Have you ever discovered anything new that got you really excited?
Lots of astronomical things get me excited. It’s the thrill of photographing something that no one else, or at least only a small handful of people, have ever photographed before. I particularly like event driven astronomy – a term which I use to describe things which are a one-off or rare. I was keen to add a chapter on this type of astronomy in the book as for me, it represents the ‘storm-chasing’ aspect of astronomy. Things like solar eclipses, the transit of Venus, occultations of planets by the Moon (that’s where the Moon passes in front of a planet) are just some examples.
There are examples of these special projects on my website at www.digitalsky.org.uk, under the “Projects” heading.
What is the most spectacular event that you have witnessed in your career … did you photograph it?

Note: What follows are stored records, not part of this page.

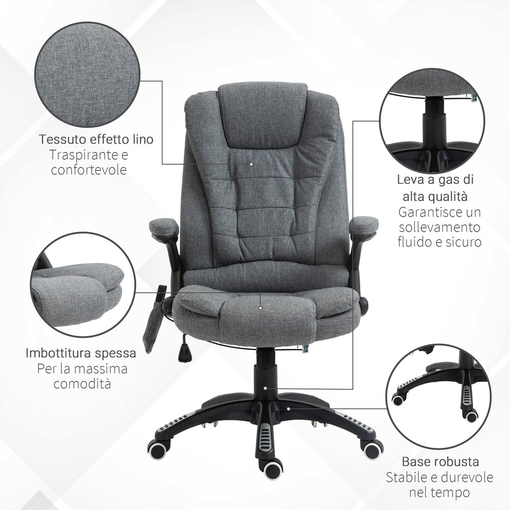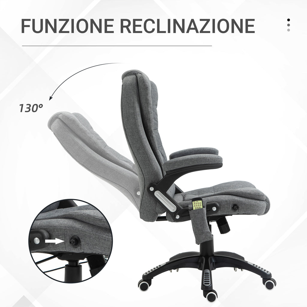 Après une longue journée, vous pouvez enfin vous asseoir et plonger dans une relaxation totale, laissant le fauteuil inclinable se charger de vous offrir un massage complet du corps, en particulier de la tête. La fonction de chauffage favorise la circulation sanguine et améliore l'effet de massage global. Il y a 7 points de massage au total : 1 sur la tête, 2 sur les épaules, 2 sur la zone lombaire, 2 sur les fesses. Vous pouvez vous allonger sur ce fauteuil de massage inclinable : le siège peut en effet s'incliner à 130° et la hauteur est réglable. Le design ergonomique fera le reste. Le fauteuil relax est fabriqué en tissu de lin durable et respirant, et avec un rembourrage en éponge pour un confort complet pour votre corps, bras inclus. Également équipé de roues pivotantes à 360°.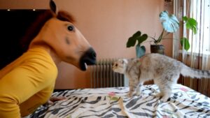 【驚愕】「パパ、顔がヘンだニャ…!」リアルな猫マスクを被った飼い主さん。愛猫たちの“三者三様”すぎるリアクションに爆笑!
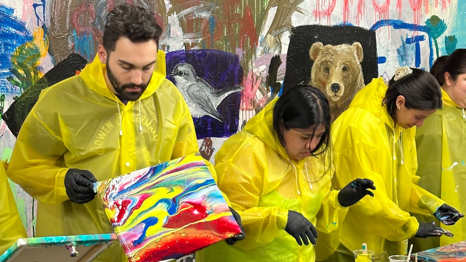 Forget the rules and throw paint at canvases, walls, floors, and even each other in a vibrant 30-minute session where you suit up, grab a 12×16 canvas, and dive into full creative mayhem, perfect for families, friends, or a fun night out

I get asked this a lot and it’s impossible to give a single answer. A total eclipse of the Sun is hard to beat and I’ve been lucky enough to see two now as well as experiencing the darkening due to totality from just outside Looe in 1999. A bright auroral display is also something not to be missed and I’ve seen many of these now – each one takes my breath away. I’ll never tire of seeing the planets highly magnified on my laptop screen when I’m imaging them and the Sun puts on a spectacular show when viewed with a specialist hydrogen-alpha filter. A huge prominence leaping off the Sun’s edge is something that really puts you in your place!
From The New Astronomy Guide: Amateur astronomer Damian Peach’s prize-winning photograph of Jupiter, Io (left) and Ganymede. The image was taken through Damien’s 14-inch SCT telescope from Barbados.

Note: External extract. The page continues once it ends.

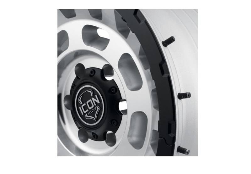 Any hardcore off-road enthusiast knows the numerous benefits that lower tire pressures offer such as improved ride quality and a larger contact patch for increased traction. However, low pressures also increase the risk of de-beading the tire during extreme side loads or aggressive driving. While traditional bead lock wheels address this issue by clamping the tire’s bead, they also need frequent maintenance, require specialty tools/parts, increase rotational mass, and are NOT legal for on-road use. During an accelerated R&D process ICON engineers subjected the InnerLock technology to thousands of miles of real-world abuse throughout harsh and unforgiving environments. After on-vehicle testing was concluded, wheels were sent to an independent contractor for precise lab testing, specifically the FMVSS No.139 Tire Bead Unseat Resistance Test (modified to 10 psi). Results from multiple tests validated the effectiveness of ICON’s InnerLock technology by exceeding the mechanical limits of the machine (over 7600lbs load) without ever de-beading the tire. Staying true to the ICON Alloys approach, the Hammer PRO has been engineered to maximize caliper clearance and optimize wheel position for un-hindered suspension travel and steering function. Backspace and wheel offset dimensions have been strategically developed to reduce scrub radius, improving all-around handling and ride quality. The Hammer PRO has also been strength tested to yield an incredible 3,650lb load rating - making it one of the strongest wheel options on the market. With build features such as these, it's clear that a set of ICON Alloys Hammer PRO wheels is the perfect complement to any truck, Jeep, or SUV. The ICON Alloys Hammer PRO with patented InnerLock technology offers the best of both worlds by using a robust bead retention system to keep the tire bead secured to the wheel while also being fully DOT compliant. This provides confidence in knowing that your wheels are prepared to tackle whatever situation you encounter - on or off the beaten path. InnerLock is ready for any type of terrain and every single adventure. The included high-grade aluminum, removable, and replaceable HALO Wheel Armor keeps the wheel looking new by protecting the Hammer PRO from trail rash. This HALO Wheel Armor is replaceable in 90° segments so individual sections can be changed if only a portion of the ring becomes damaged. Beyond superior form and function the HALO Wheel Armor can be easily customized to match your style for a truly unique wheel experience.

What should the amateur enthusiast be looking out for in the next few weeks?
The Moon passes very close to the planet Jupiter in the early hours of July 15th. If you live in the far north of the UK, the Moon will miss the planet. Further south the Moon will clip the planet’s disc. In the southeastern corner of the country, the Moon will cover Jupiter altogether. In August there’s the Perseid meteor shower. This peaks on August 12th unfortunately during the day. Nevertheless, looking out on the nights of 11/12 and 12/13 August should throw up a meteor or two. If you see a bright meteor streaking across the sky, be warned though, because this can hook you in for the rest of the night!
The period from late May through to early August is also good for a rare phenomenon known as Noctilucent Clouds (NLC’s). The name literally means “night shining” and is a reference to the fact that these mysterious electric blue clouds appear to shine when the Sun is below the horizon. If they are there, you should be able to see them low in the northwest, say between 22:00 and 23:00 BST. They may also be seen low in the northeast between 02:00 and 03:00 BST. A bright display may take no notice of these suggested times and can be visible all night long! They are due to a thin layer of water ice at heights of around 50 miles which can catch the Sun’s rays when it’s well below the northern horizon.
Do you like sci fi?
I love Sci-Fi and yes I did go to see Prometheus and yes, I loved it! Personally, I think Sci-Fi is important as it allows us to ‘play’ with our ideas. I love the depiction of future tech on films and TV series, especially when that tech is surpassed by what has actually come to pass!
From your experience do you think that there is an ‘edge’ of the universe?
I can say what I like here because there is no one on the planet who can prove otherwise. The concept of an infinite Universe isn’t an easy one to have because we don’t experience anything like that during our everyday lives. I think the best way to answer the question is sit on the fence and use one of my co-author’s favourite sayings – we just don’t know!